Speaking machines for disabled people

Image: Speaking machine for disabled people

2019 Jun 19

Disabled people are sometimes unable to use their own voice to communicate effectively through words and sentences as most people. One solution for many of them is to resort to some kind of speaking machines that supplement or replace their speech.

There are many options of speaking machines for disabled people right now on the market, with different ways of access, input, display, speech generation and types of device.

In this article we try to categorize them and give an overview of what is possible right now for different needs of people with different disabilities.

The speaking machines for disabled people are more appropriately called Speech Generation Devices (SGD) or Voice Output Communication Aids (VOCA). They are part of what we call Alternative and Augmented Communication (AAC) tools. We have already done an article with a list of AAC devices for disabled people, but not all of them are speaking machines.

The speaking machines for disabled people give them the possibility of participating actively in communication with their familiar and social circles.

These tools are especially important for people with ALS and, most recently, are being used as therapy and learning tools for children with perceived speech deficiencies.

The speaking machines differ in different characteristics.
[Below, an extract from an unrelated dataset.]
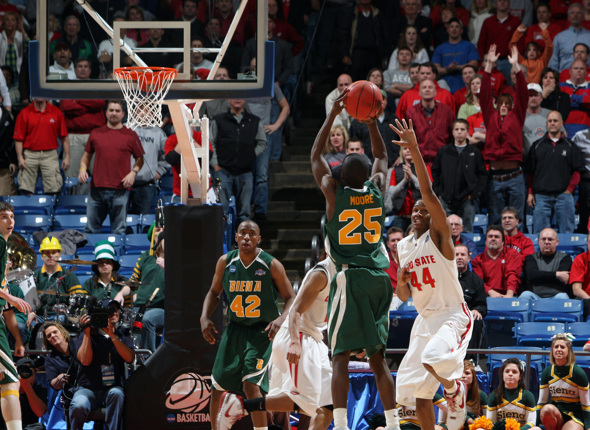 Moore's impact was monumental in one of these second round appearances. In 2009, Siena defeated Ohio State in double overtime in the first round. Moore made a 3-pointer to tie the game late in the first overtime and drained another 3 with 3.9 seconds left in the second overtime to secure the win.

Here are a few of them.

Input and display methods

Their input and display methods range from typing letters, words and sentences in a device to selecting pictures or symbols in a simple board or selecting them in a more complicated set of electronic panels that need to be navigated to access all possible items and combinations to form more complicated messages.

The suitability and complexity of the input and display method will depend on the capabilities and skills of the disabled user.

Output

The output can be a preset of digitized recordings of natural speech or an infinite number of messages that the speaking machine can form after combination of the user’s inputs and then pronounce aloud via synthesized speech.

The latter is more versatile but may be less emotional than the preset recorded messages, as these may have the voice of someone familiar or even of the user herself if it was possible to record them in some early stages of the illness.

Anyway, synthesisers are becoming smarter and make good sense of text, providing appropriate pauses and inflections, which results in a more natural and less robotic speech.

Means of access

The means of access to the messages in the speaking machine can be directly on the device via mouse, keyboard or touch-screen, or it needs to be done indirectly using alternative input methods, like switches or eye-gaze technology and some appropriate SW to interact with the screen symbols.

Mouse4all is an example of a SW app designed to access an Android device (tablet or smartphone) without touching its screen. It works with switches that provide unique inputs that direct a cursor on the screen to perform whatever action the user wants to do.

This way, any disabled user capable of pushing a switch with some part of its body (head, arm, finger, chin…) can select the speaking machine app in its Android device, type or select the symbols or words he or she wants to use and let the machine do its magic and generate a voice output with her message.

The improvement in quality of life and self-esteem of the disabled people that use these technologies so that they can perform this simple set of actions is staggering.

Dedicated and non-dedicated devices

Devices used as speaking machines can be dedicated, only able to do this function, or non-dedicated, general computers, tablets or smartphones with appropriate SW to do this. Lately, with the avalanche of cheap computers and tablets, this is obviously the most common configuration for these devices, available to almost everybody everywhere in the world.

In fact speech output is now available by default on all computer systems.